Pretrained XLM model with TLM objective generates nonsensical predictions

Hi, I want to use the xlm-mlm-tlm-xnli15-1024 pretrained model, which is the XLM model trained with the auxiliary Translation Language Modeling (TLM) objective.

I want to give a translation pair to the model, mask some words in one of the sentences and then get the predictions of the model for the masked words. Check the figure for reference.

My problem is that the model makes nonsensical predictions, which probably means that I am doing something wrong. Here is a code snippet:

import torch
from transformers import XLMWithLMHeadModel, XLMTokenizer

model_name = "xlm-mlm-tlm-xnli15-1024"
tokenizer = XLMTokenizer.from_pretrained(model_name)
model = XLMWithLMHeadModel.from_pretrained(model_name)
model.eval()

src_lang_id = tokenizer.lang2id["en"] # English
trg_lang_id = tokenizer.lang2id["el"] # Greek

src_text = "I love pasta with tomato sauce!".replace("tomato", tokenizer.mask_token)
trg_text = "Μου αρέσουν τα ζυμαρικά με σάλτσα ντομάτας!"
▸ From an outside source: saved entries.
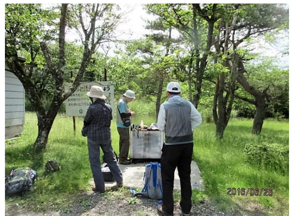
お疲れ様でした。心はビール
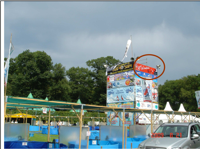
競賽錦鯉池共約 70 組，上方廣告招牌其右上角紅色者為台灣錦鯉廣告
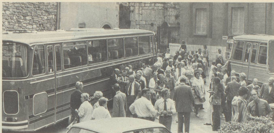
En visitant Neuchâtel
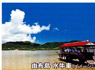
由布島 水牛車 (イメージ)

print(f"{src_text}->{trg_text}")

# get token_ids
src_input_ids = torch.tensor([tokenizer.encode(src_text)])
trg_input_ids = torch.tensor([tokenizer.encode(trg_text)])

src_len = src_input_ids.shape[1]
trg_len = trg_input_ids.shape[1]

# get lang_ids
src_langs = torch.tensor([src_lang_id] * src_len).view(1, -1)
trg_langs = torch.tensor([trg_lang_id] * trg_len).view(1, -1)

# get token_type_ids
src_type = torch.tensor([0] * src_len).view(1, -1)
trg_type = torch.tensor([1] * trg_len).view(1, -1)

input_ids = torch.cat([src_input_ids, trg_input_ids], dim=1)
token_type_ids = torch.cat([src_type, trg_type], dim=1)
lang_ids = torch.cat([src_langs, trg_langs], dim=1)
position_ids = torch.cat([torch.arange(src_len), torch.arange(trg_len)])

# encode and predict
result = model(input_ids,
               langs=lang_ids,
               position_ids=position_ids.view(1, -1),
               token_type_ids=token_type_ids)

# get predictions for masked token
masked_index = torch.where(input_ids == tokenizer.mask_token_id)[1].tolist()[0]
result = result[0][:, masked_index].topk(5).indices
result = result.tolist()[0]

print(f"Predictions:", tokenizer.decode(result))

Console output:

I love pasta with <special1> sauce!->Μου αρέσουν τα ζυμαρικά με σάλτσα ντομάτας!
Predictions: with the 'i'my

I tried omitting some of the arguments to the model, changing the example sentence-pair and the languages, but I always get weird predictions.

What am I doing wrong?

P.S. I had to downgrade to transformers==2.9.0, because in the newer versions I get this error message:

Some weights of XLMWithLMHeadModel were not initialized from the model checkpoint at xlm-mlm-tlm-xnli15-1024 and are newly initialized: ['transformer.position_ids']
You should probably TRAIN this model on a down-stream task to be able to use it for predictions and inference.

I also noticed that even in that version, the predictions are the same, which means that there is something else going on.